(Task directions) Your output should be the lines below from the one holding "Blue Tiered Maxi" through the one holding "10 Inch By 10", transcribed exactly, with no pictures.

(Exercise materials)
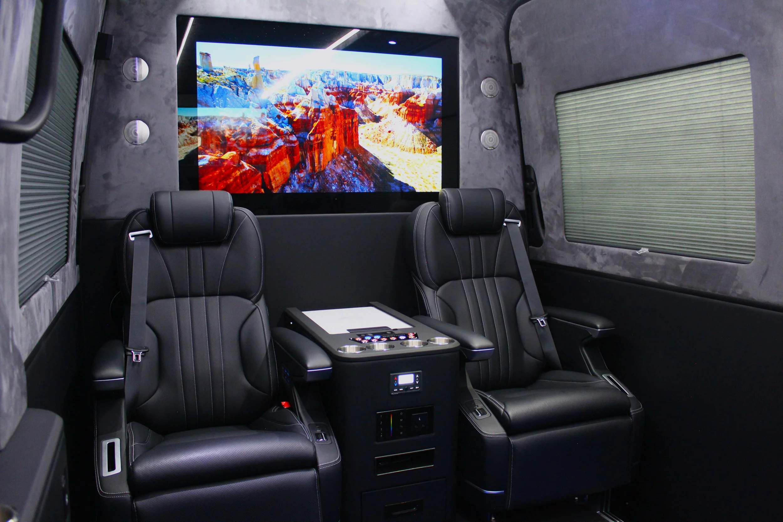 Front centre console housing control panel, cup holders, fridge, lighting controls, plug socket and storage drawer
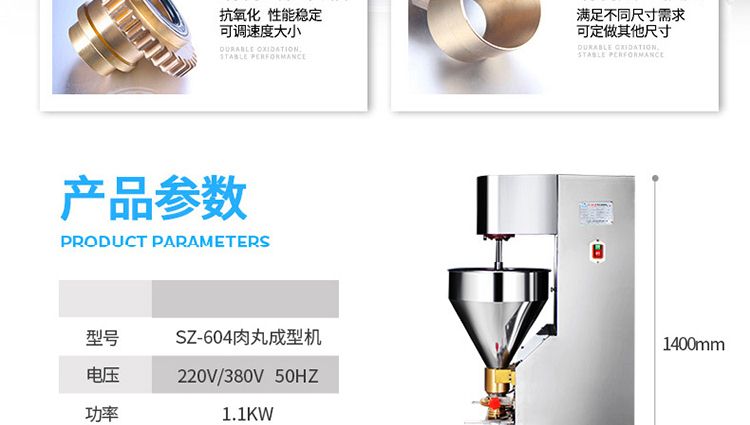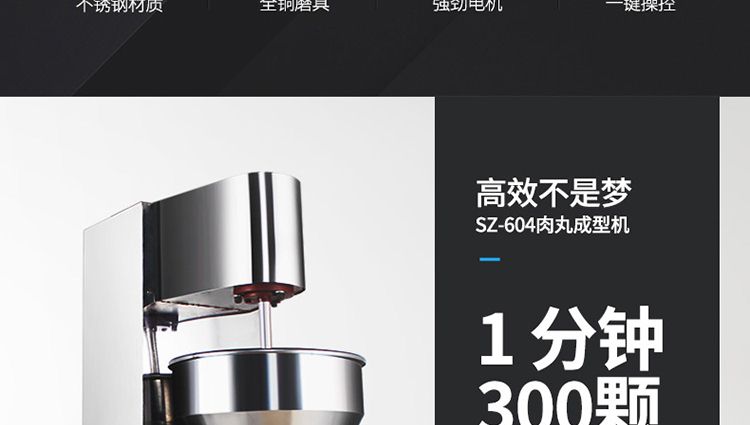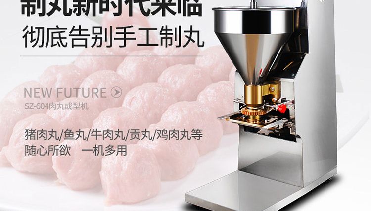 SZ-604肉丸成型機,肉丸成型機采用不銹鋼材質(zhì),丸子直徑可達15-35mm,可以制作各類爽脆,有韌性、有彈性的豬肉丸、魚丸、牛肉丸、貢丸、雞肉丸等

* * *

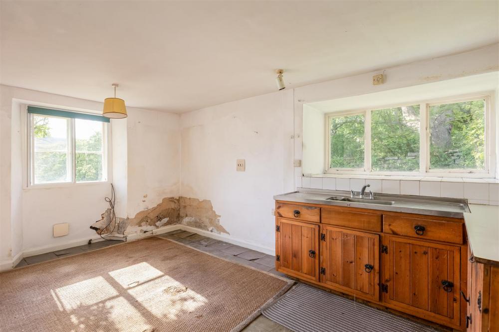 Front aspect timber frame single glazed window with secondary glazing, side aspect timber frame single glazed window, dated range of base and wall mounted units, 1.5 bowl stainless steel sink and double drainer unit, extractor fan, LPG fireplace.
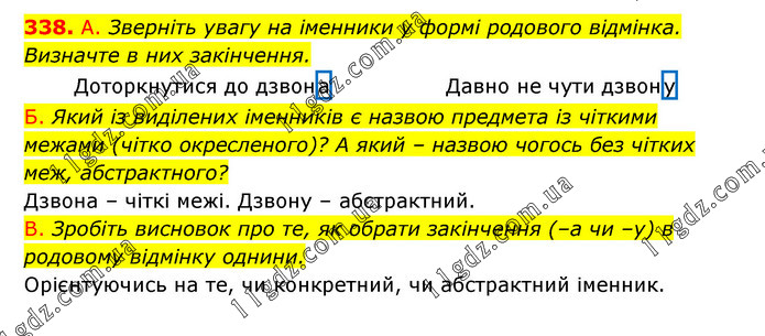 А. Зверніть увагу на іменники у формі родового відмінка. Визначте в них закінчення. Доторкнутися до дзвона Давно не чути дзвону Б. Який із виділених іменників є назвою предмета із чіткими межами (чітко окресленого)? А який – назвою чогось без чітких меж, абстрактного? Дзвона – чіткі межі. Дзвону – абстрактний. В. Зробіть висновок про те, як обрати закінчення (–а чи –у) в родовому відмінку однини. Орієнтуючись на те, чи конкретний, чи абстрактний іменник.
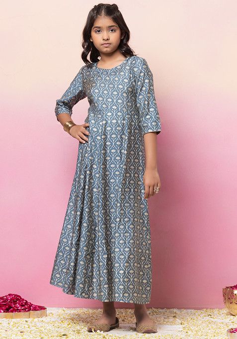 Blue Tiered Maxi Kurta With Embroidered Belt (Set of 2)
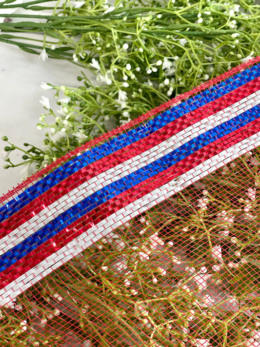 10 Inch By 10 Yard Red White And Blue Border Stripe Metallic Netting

(Task response)
 Blue Tiered Maxi Kurta With Embroidered Belt (Set of 2)
 10 Inch By 10 Yard Red White And Blue Border Stripe Metallic Netting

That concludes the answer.